Model with Test Data

In [34]:
# Model on test set
model_glove.load_state_dict(torch.load('model_glove.pt',map_location=torch.device(device)))
model_glove.eval()
preds = []
label_list = []
with torch.no_grad():
    for data in test_loader:
        input_ids, labels, lengths, upper_case, lower_case, title_case = data['input_ids'], data['labels'], data['lengths'], data['upper_case'], data['lower_case'], data['title_case']
        logits, loss = model_glove(input_ids,  upper_case,  lower_case, title_case, labels)
        predictions = torch.argmax(logits, dim=2)

        for pred, label, length in zip(predictions.tolist(), labels.tolist(), lengths):
            decoded_label = [idx2tag[l] for l in label]
            label_list.extend([decoded_label[:length]])
            trimmed_pred = pred[:length]
            decoded_pred = [idx2tag[p] for p in trimmed_pred]
            preds.extend([decoded_pred])

flat_preds = list(itertools.chain(*preds))
flat_labels = list(itertools.chain(*label_list))
precision, recall, f1 = evaluate(flat_labels, flat_preds)

print(f"Precision: {precision}")
print(f"Recall: {recall}")
print(f"F1 Score: {f1}")

processed 46435 tokens with 5648 phrases; found: 5785 phrases; correct: 5045.
accuracy:  90.62%; (non-O)
accuracy:  97.70%; precision:  87.21%; recall:  89.32%; FB1:  88.25
              LOC: precision:  89.53%; recall:  92.75%; FB1:  91.11  1728
             MISC: precision:  72.11%; recall:  77.35%; FB1:  74.64  753
              ORG: precision:  84.44%; recall:  86.57%; FB1:  85.49  1703
              PER: precision:  94.75%; recall:  93.82%; FB1:  94.28  1601
Precision: 87.20829732065687
Recall: 89.32365439093485
F1 Score: 88.25330184553486


In [36]:
# What are the precision, recall, and F1 score on the test data?.
# precision:  87.21%; recall:  89.32%; FB1:  88.25

BiLSTM with Glove Embeddings outperforms the model without. Can you
provide a rationale for this?


Glove Embedding is a pretrained word embedding. It is trained on large datasets and captures the semantic and syntactic meaning of the word.

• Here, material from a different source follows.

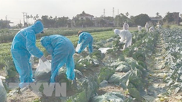 | Hội phụ nữ phường Hiến Thành thu hoạch và bán bắp cải giúp các gia đình đang bị cách ly, phong tỏa. (Ảnh: Mạnh Minh/TTXVN) |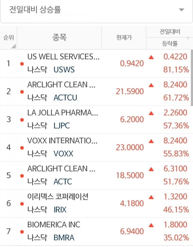안녕하세요. 옆집 세라입니다. 오늘의 전일대비 상승율 1위는 US Well Services Inc 가 되겠습니다.

Learning word embeddings from scratch is challenging. While learning from scratch on our dataset we will face issue of sparsity on the training data. The vocabulary of our training dataset might not be rich enough. This is overcome by using Glove embeddings. Due to these reasons BiLSTM with Glove Embeddings outperforms the model without Glove Embeddings.